Word for word, restate the lines of the data below between those holding "He fell asleep" and "Keramické umývadlo s", inclusive; pictures do not belong in the copy.

** Input data follows **

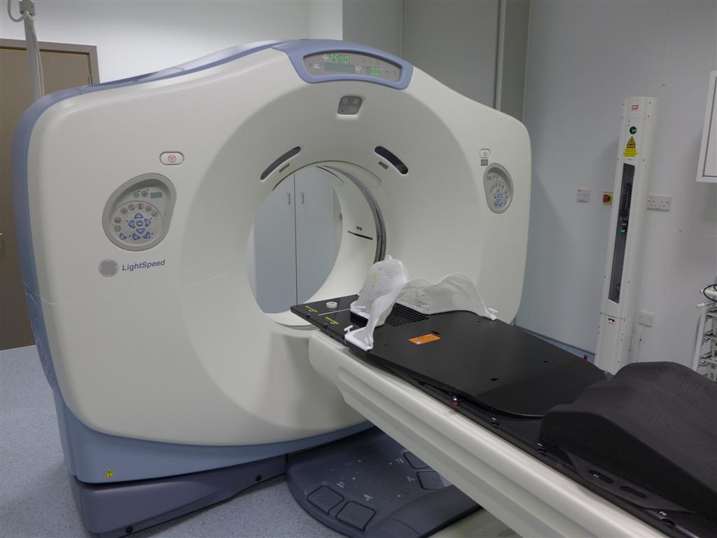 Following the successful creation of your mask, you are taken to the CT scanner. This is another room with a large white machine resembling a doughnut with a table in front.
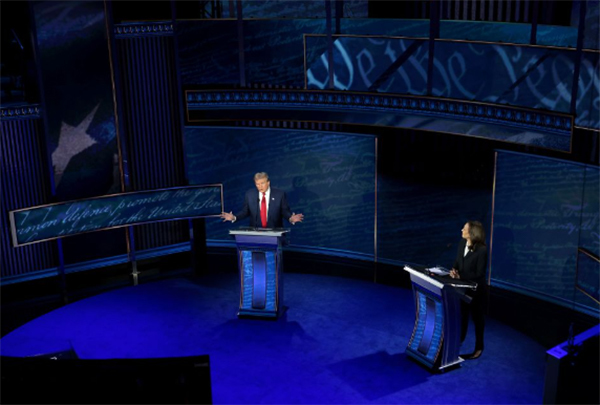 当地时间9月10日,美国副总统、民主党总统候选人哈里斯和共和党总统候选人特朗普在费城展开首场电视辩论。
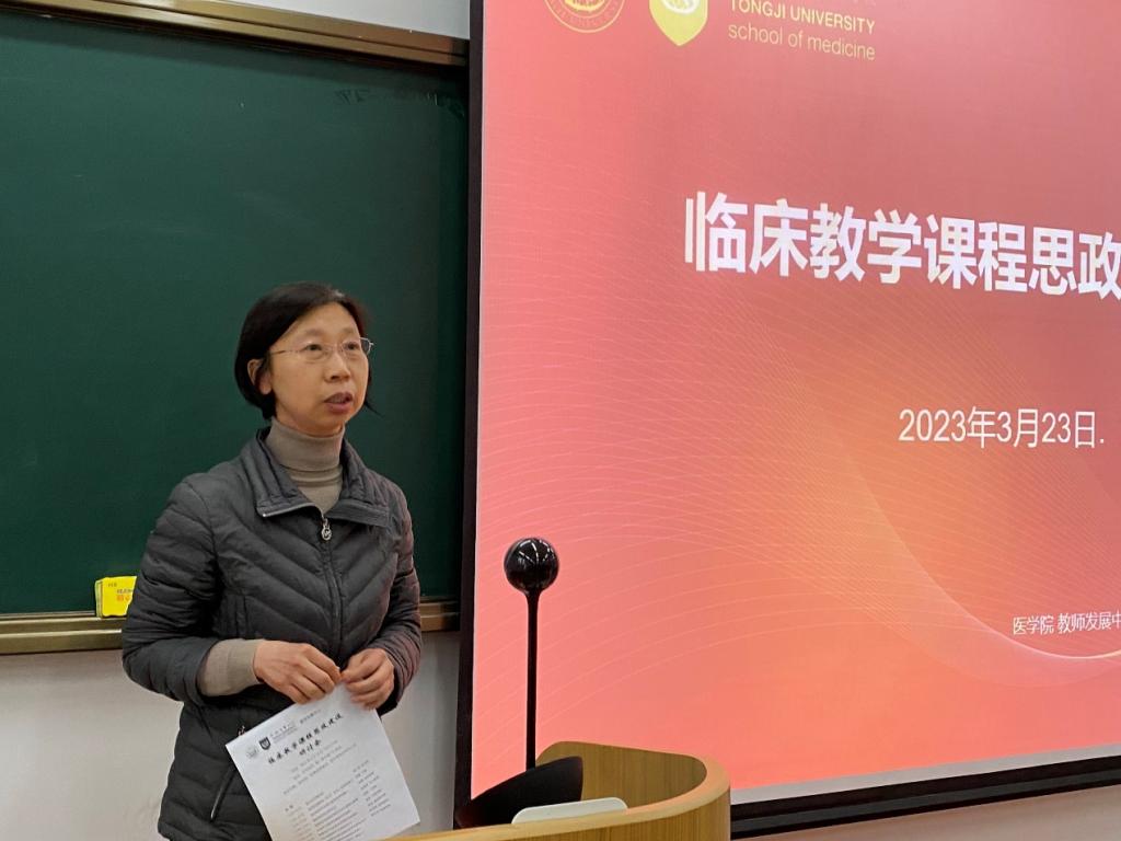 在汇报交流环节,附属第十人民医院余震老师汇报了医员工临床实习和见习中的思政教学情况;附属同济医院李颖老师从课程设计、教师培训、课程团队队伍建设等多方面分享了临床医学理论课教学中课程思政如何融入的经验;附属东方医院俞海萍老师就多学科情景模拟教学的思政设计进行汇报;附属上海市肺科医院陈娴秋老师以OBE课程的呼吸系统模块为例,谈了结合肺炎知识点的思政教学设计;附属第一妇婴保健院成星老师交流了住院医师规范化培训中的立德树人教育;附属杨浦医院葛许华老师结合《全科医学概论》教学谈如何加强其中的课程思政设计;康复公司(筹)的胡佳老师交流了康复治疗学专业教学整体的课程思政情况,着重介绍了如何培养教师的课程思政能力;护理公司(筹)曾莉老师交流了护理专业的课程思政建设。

** End of Input data **
** Input data follows **

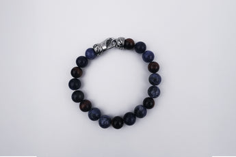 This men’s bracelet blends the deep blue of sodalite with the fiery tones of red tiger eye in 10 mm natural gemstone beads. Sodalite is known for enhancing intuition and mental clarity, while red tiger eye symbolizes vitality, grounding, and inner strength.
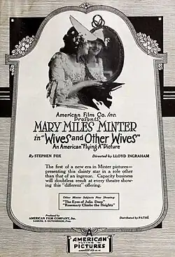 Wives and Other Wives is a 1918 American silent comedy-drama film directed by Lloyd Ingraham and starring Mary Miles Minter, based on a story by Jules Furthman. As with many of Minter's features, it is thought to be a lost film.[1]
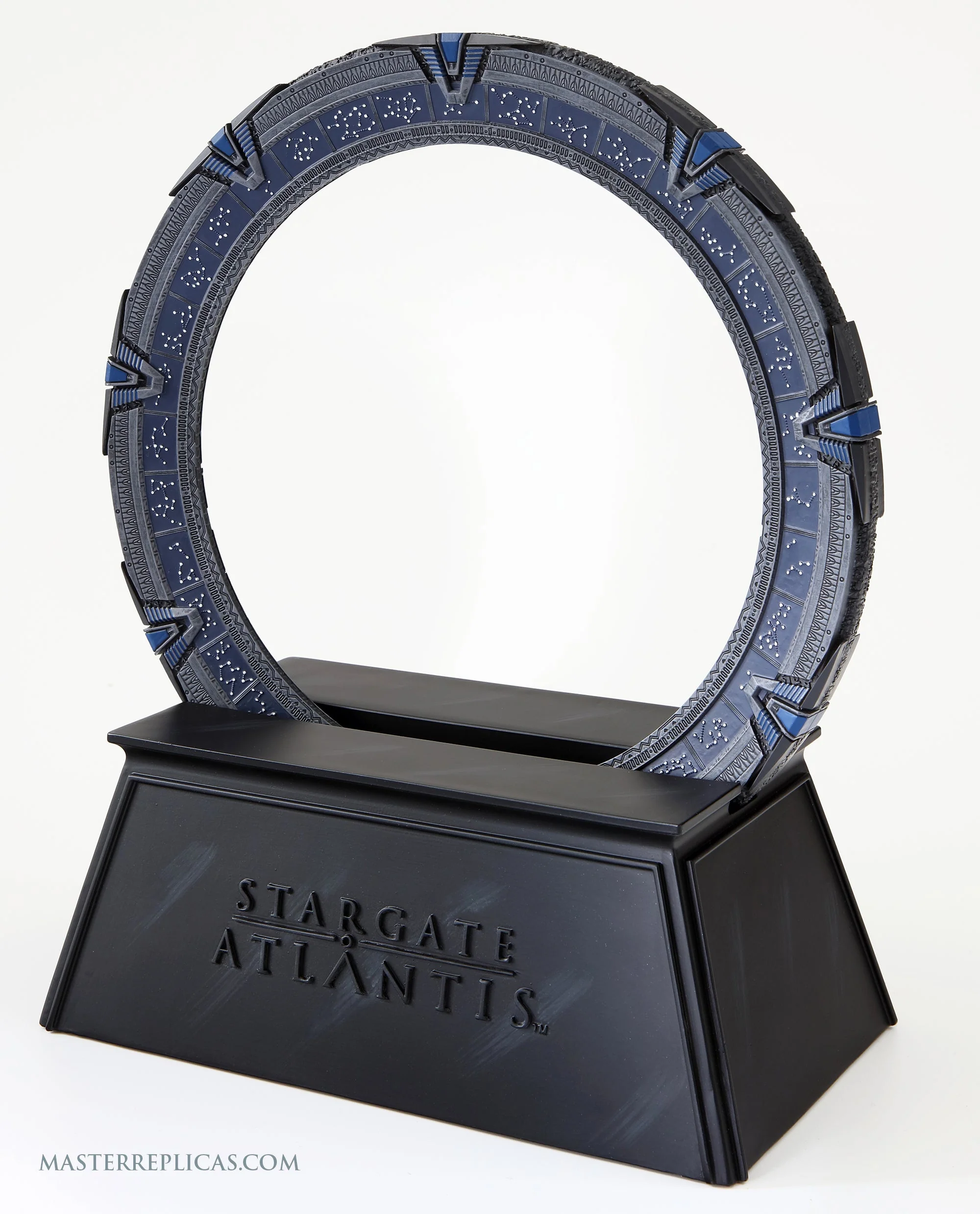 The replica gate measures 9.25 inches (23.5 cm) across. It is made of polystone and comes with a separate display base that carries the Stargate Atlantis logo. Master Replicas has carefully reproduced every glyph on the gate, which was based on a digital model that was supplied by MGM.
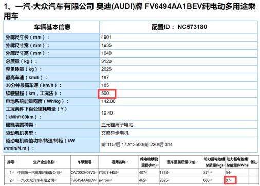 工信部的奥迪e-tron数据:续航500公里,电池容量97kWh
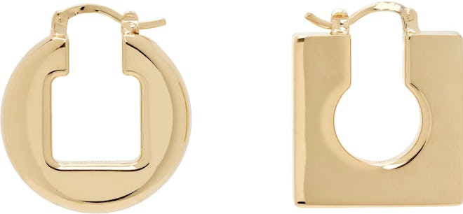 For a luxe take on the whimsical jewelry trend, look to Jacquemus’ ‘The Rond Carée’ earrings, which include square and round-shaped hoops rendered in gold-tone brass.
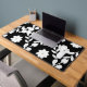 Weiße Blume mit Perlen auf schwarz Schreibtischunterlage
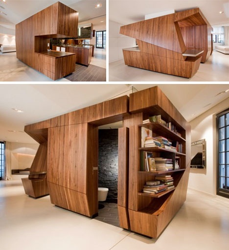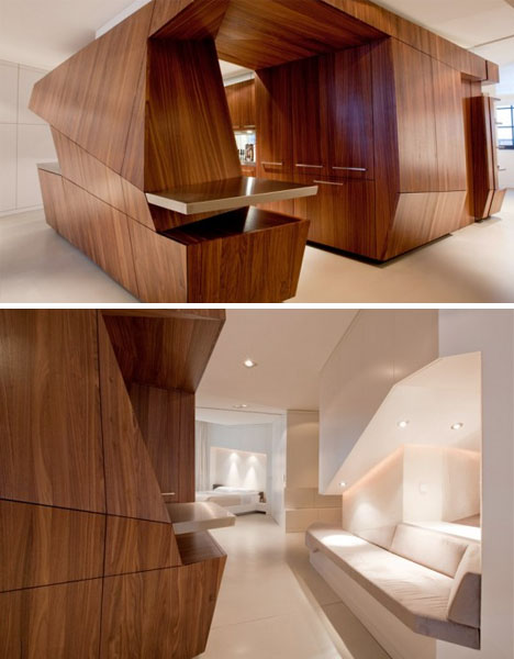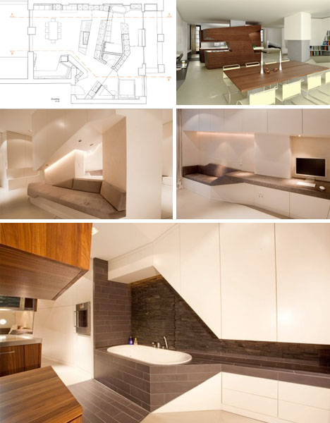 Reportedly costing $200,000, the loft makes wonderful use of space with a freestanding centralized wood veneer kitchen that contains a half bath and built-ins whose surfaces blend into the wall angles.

** End of Input data **
** Input data follows **

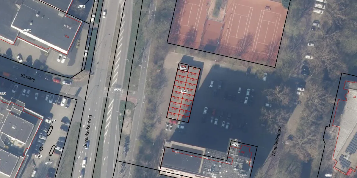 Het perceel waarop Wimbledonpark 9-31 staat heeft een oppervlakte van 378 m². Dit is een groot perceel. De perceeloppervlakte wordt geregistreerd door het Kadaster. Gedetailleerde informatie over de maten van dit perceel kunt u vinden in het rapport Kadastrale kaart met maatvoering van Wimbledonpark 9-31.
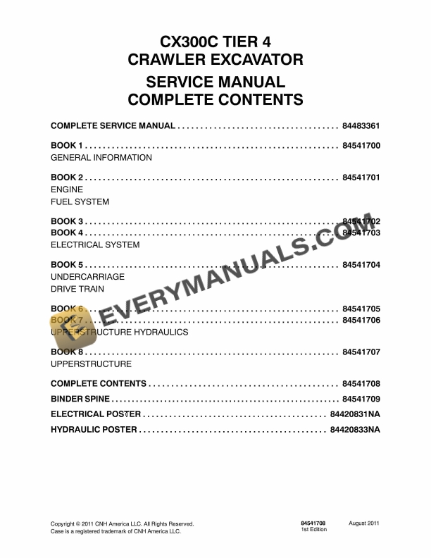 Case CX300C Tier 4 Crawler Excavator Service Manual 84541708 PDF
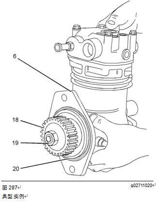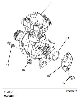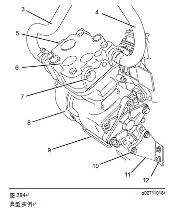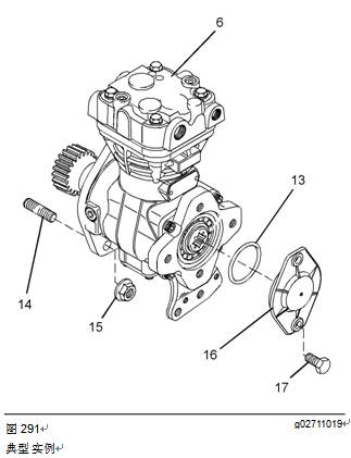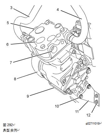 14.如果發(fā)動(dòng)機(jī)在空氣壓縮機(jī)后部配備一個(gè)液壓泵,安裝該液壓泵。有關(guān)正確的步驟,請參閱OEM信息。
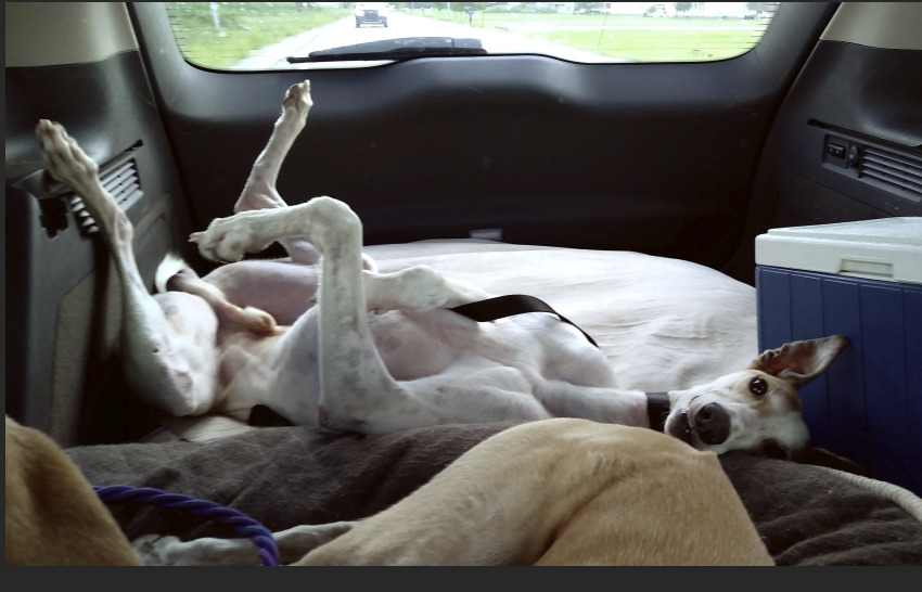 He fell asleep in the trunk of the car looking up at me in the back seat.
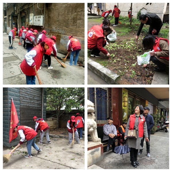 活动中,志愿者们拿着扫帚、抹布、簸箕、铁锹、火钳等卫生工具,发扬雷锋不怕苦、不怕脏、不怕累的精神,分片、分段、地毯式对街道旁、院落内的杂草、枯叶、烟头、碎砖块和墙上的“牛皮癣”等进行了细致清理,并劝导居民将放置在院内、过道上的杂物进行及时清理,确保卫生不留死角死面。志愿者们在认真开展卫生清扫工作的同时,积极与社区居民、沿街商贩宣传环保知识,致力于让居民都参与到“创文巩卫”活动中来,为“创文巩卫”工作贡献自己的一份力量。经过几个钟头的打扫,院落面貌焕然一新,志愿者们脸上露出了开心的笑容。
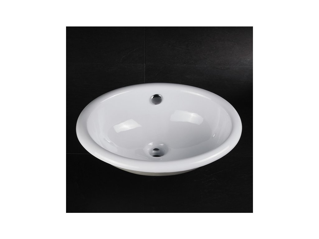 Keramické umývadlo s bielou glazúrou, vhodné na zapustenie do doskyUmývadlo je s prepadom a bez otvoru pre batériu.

** End of Input data **

Answer section:
 He fell asleep in the trunk of the car looking up at me in the back seat.
 活动中,志愿者们拿着扫帚、抹布、簸箕、铁锹、火钳等卫生工具,发扬雷锋不怕苦、不怕脏、不怕累的精神,分片、分段、地毯式对街道旁、院落内的杂草、枯叶、烟头、碎砖块和墙上的“牛皮癣”等进行了细致清理,并劝导居民将放置在院内、过道上的杂物进行及时清理,确保卫生不留死角死面。志愿者们在认真开展卫生清扫工作的同时,积极与社区居民、沿街商贩宣传环保知识,致力于让居民都参与到“创文巩卫”活动中来,为“创文巩卫”工作贡献自己的一份力量。经过几个钟头的打扫,院落面貌焕然一新,志愿者们脸上露出了开心的笑容。
 Keramické umývadlo s bielou glazúrou, vhodné na zapustenie do doskyUmývadlo je s prepadom a bez otvoru pre batériu.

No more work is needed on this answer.